Note: These stages are created by the Centers for Medicare & Medicaid Services (CMS).

Medication (Drug) Tiers

Another factor that impacts your cost is the tier that your prescription medication is in.

Prescription drugs are grouped into different levels called “tiers”. Depending on your plan, there may be 5 or 6 tiers.

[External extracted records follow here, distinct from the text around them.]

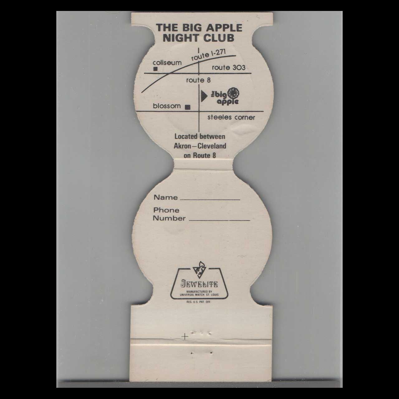 Vintage matchbook cover advertising The Big Apple Night Club Cleveland – Akron, OH.
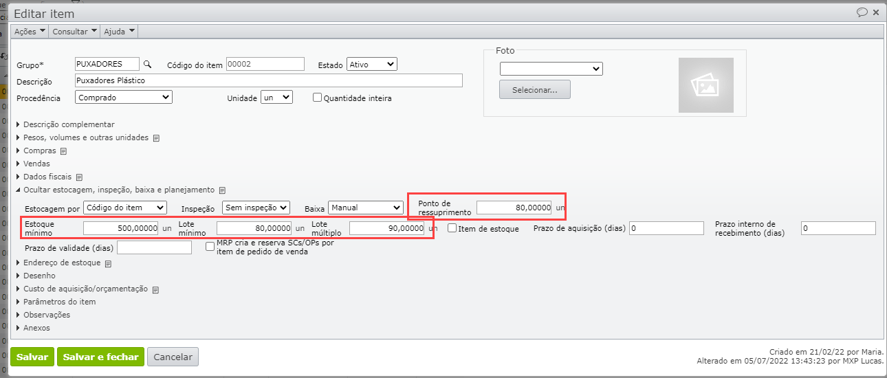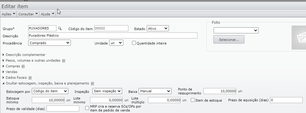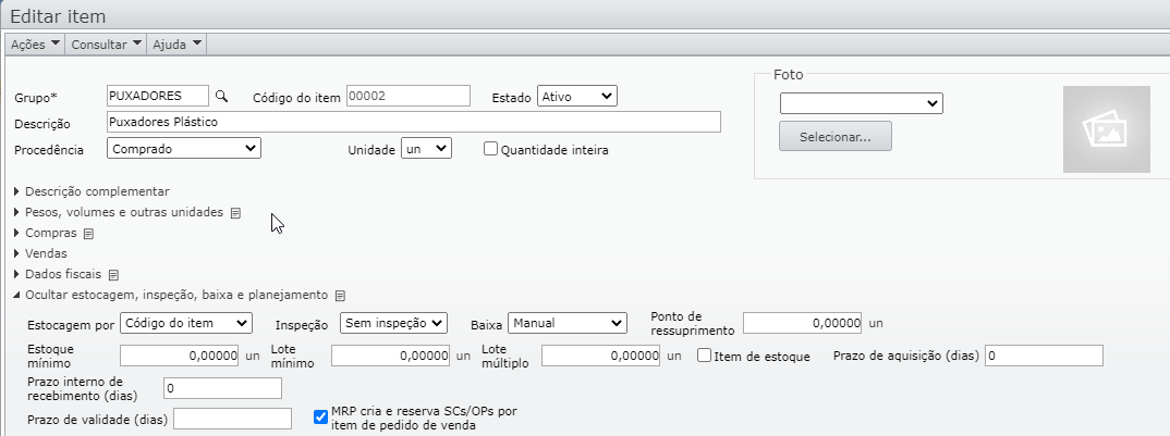 Propriedades dos itens, próprias de cada CNPJ, relevantes para o MRP: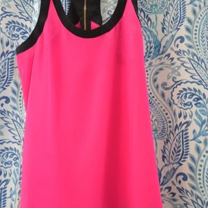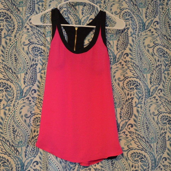 Pink with Black trim and accents at bottom of the tank top. 100% polyester. Gold zipper in back.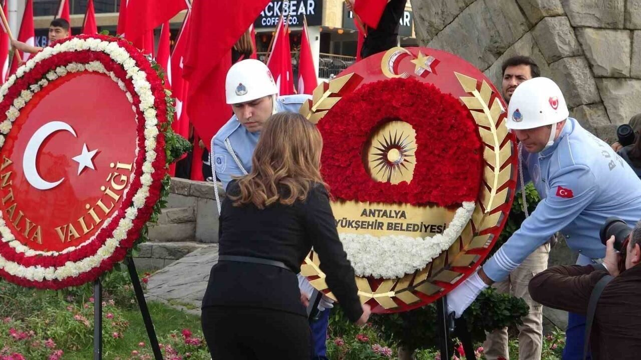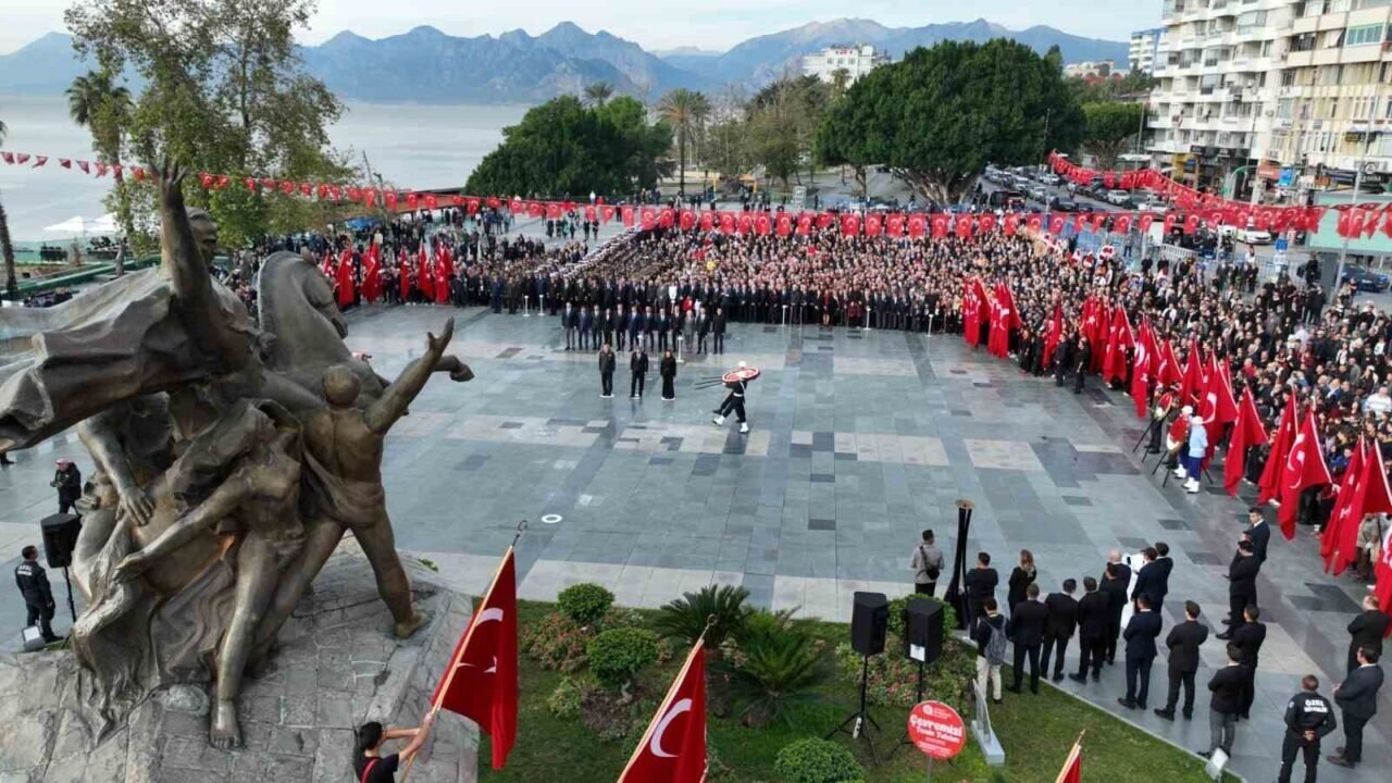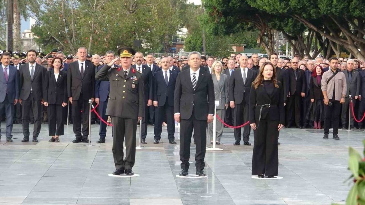 Antalya Valiliği tarafından düzenlenen resmi törende, Atatürk Anıtı’na çelenk sunuldu. Sabahın erken saatlerinden itibaren meydanı dolduran vatandaşların büyük bölümü, Atatürk portreli tişörtler giydi. Bazı vatandaşlar ellerinde Türk bayraklarıyla, bazıları ise göğsünde Atatürk rozetiyle törene katılırken, saatler 09.05’i gösterdiğinde kentte hayat adeta durdu; araçlar korna çaldı, vatandaşlar saygı duruşuna geçti. Saygı duruşunun ardından hep birlikte İstiklal Marşı okundu, Türk bayrağı yarıya indirildi. Duygusal anların yaşandığı törende, kimi vatandaşların gözyaşlarını tutamadığı görüldü.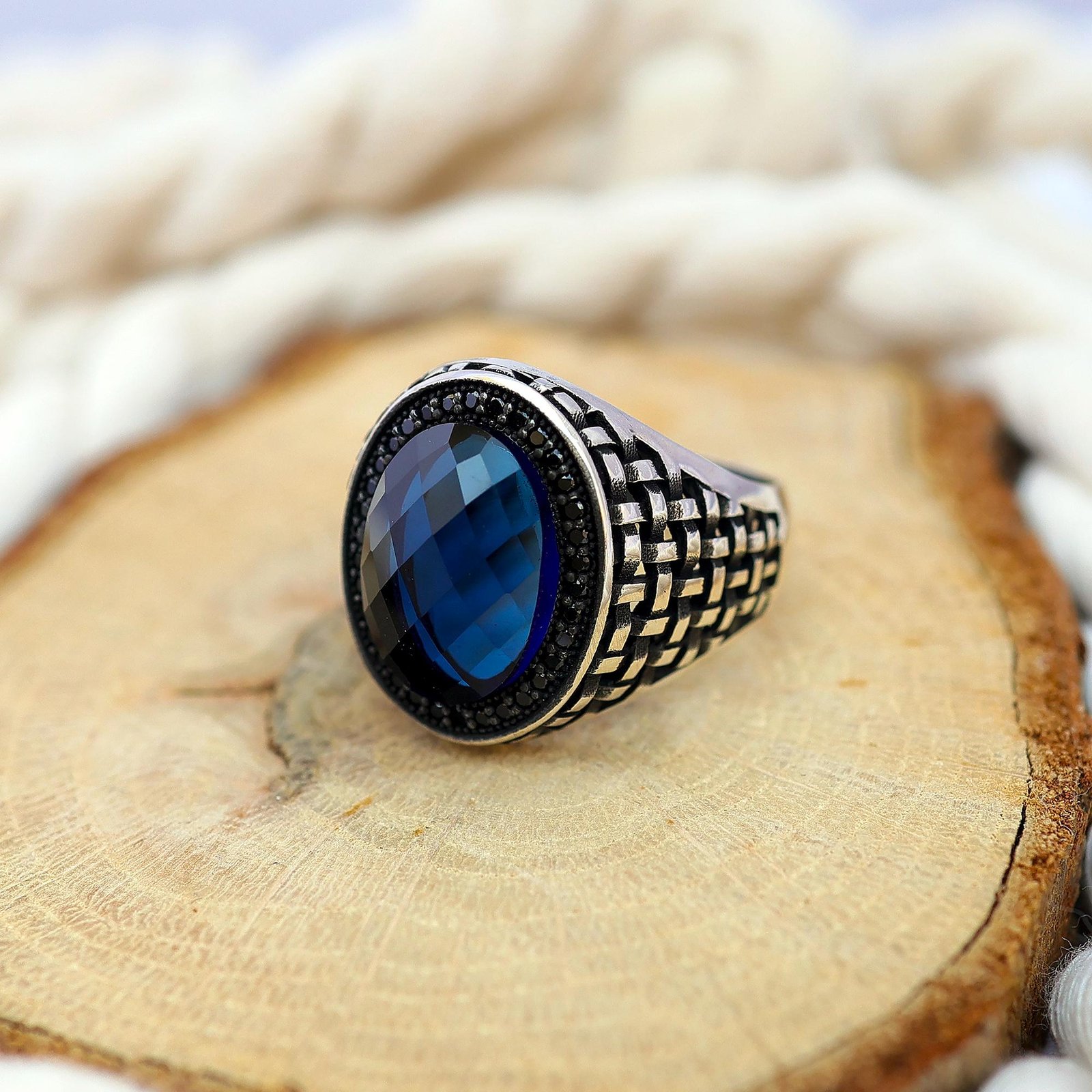 Blue Sapphire Ring for Men – Oval Sapphire Gemstone with Black Zircon Accents, Statement Ring, Royal Style Gift for Him, Bold Men’s Luxury Jewelry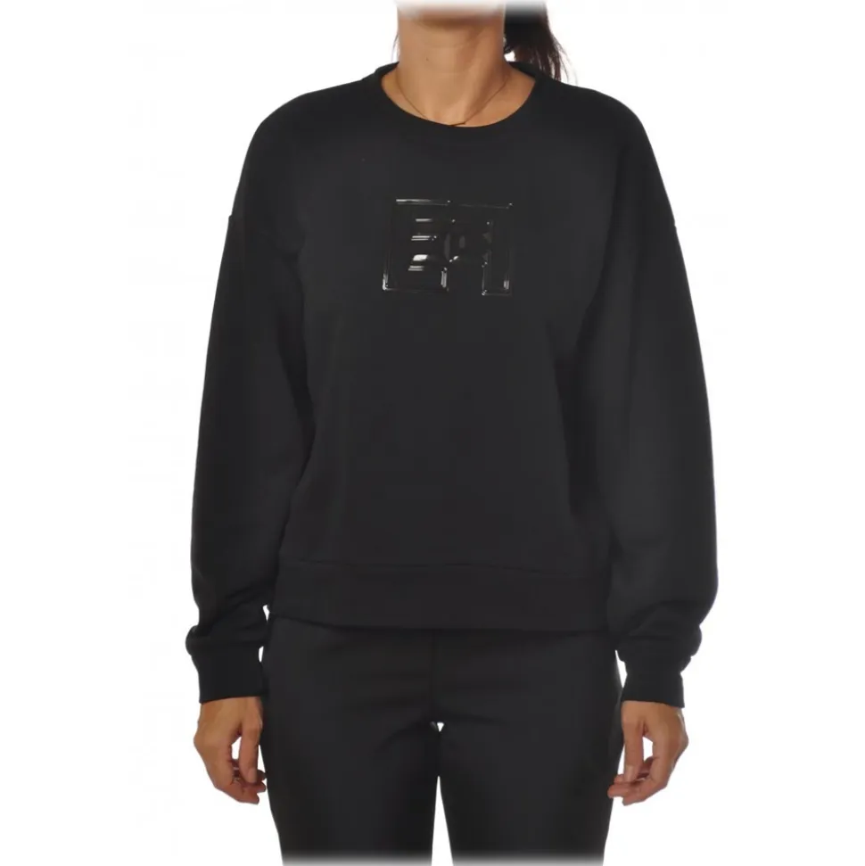 Elisabetta Franchi – Sweatshirt with Rubberized Logo – Black – Sweatshirt – Made in Italy – Luxury Exclusive Collection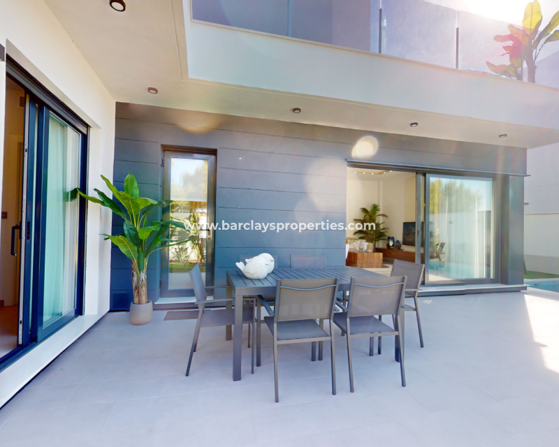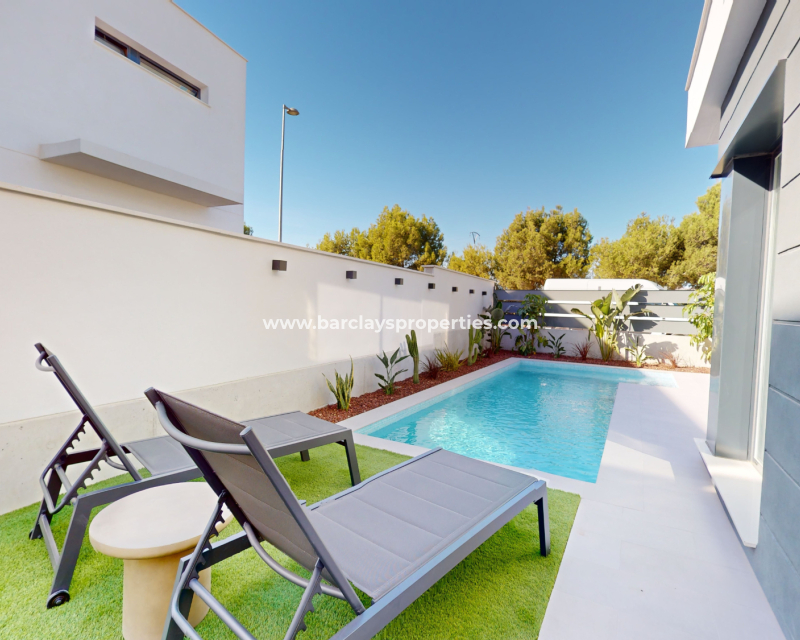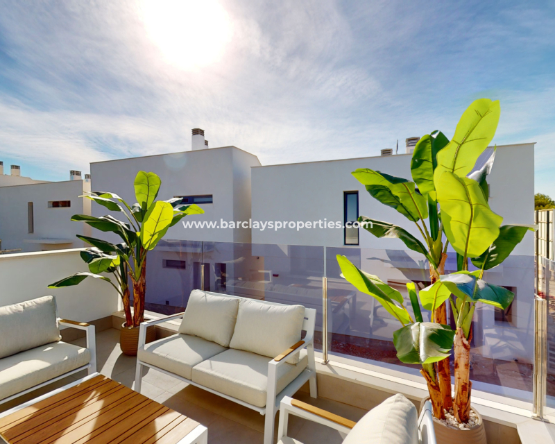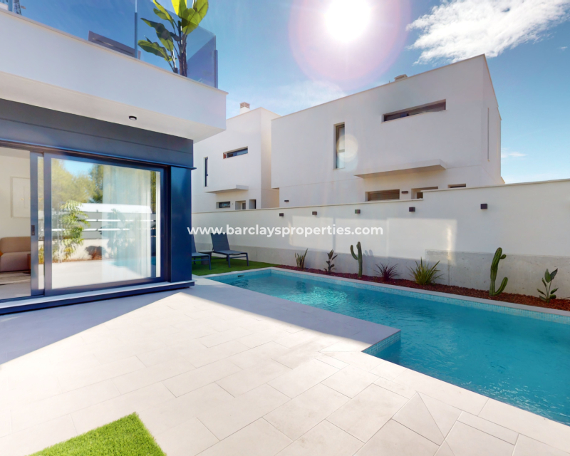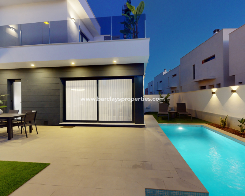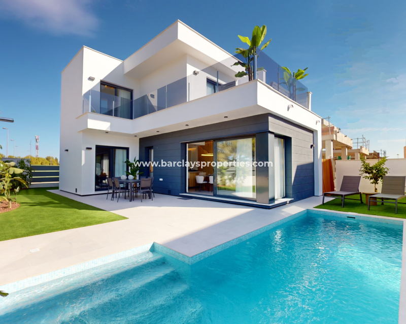 Descubre estas impresionantes villas de dos plantas en venta en Murcia, ➡️ con 3 dormitorios, 2 baños y 127m² de espacio habitable cuidadosamente diseñado en una parcela de 175m². Disfruta de una cocina de concepto abierto, interiores espaciosos y acabados de alta calidad, incluyendo calefacción por suelo radiante en los baños, ventanas de doble acristalamiento y puerta de seguridad reforzada. Cada vivienda cuenta con piscina privada, persianas eléctricas, puerta automática y preinstalación de aire acondicionado. ➡️ Con una garantía de 10 años y electrodomésticos incluidos, estas propiedades ofrecen tranquilidad y un gran potencial de alquiler. Situadas en una zona tranquila pero bien conectada, están a solo 5 km de la playa, 3 km de todos los servicios, 36 km del aeropuerto y a solo 500 metros del campo de golf más cercano. Un solárium privado está disponible como extra opcional.

  • Tier 1 Preferred Generic Drugs: For plans with five tiers, this is the lowest-cost tier. Most generic drugs on the formulary are included in this tier. Generic drugs contain the same active ingredients as brand drugs and are equally safe and effective.
  • Tier 2 Generic Drugs: Additional generic drugs on the formulary are included in this tier. Generic drugs contain the same active ingredients as brand drugs and are equally safe and effective.
  • Tier 3 Preferred Brand and Non-Preferred Generic Drugs: This tier includes preferred brand drugs and some non-preferred generic drugs.
  • Tier 4 Non-Preferred Drugs: This tier includes non-preferred drugs.
  • Tier 5 Specialty Drugs: The Specialty tier is your highest-cost tier. A Specialty tier drug is a very high-cost or unique prescription drug which may require special handling and/or close monitoring. Specialty drugs may be brand or generic and are limited to a 30-day supply.
  • Tier 6 Select Care Drugs: For plans with six tiers, this is the lowest-cost tier. Generic drugs commonly used to treat specific chronic conditions are included in this tier.

You can check your plan’s formulary to see what tier your medication is in. Depending on your plan and Extra Help eligibility, you could pay nothing for your covered Part D drugs. However, you may have cost-sharing for drugs that are covered under our enhanced benefit.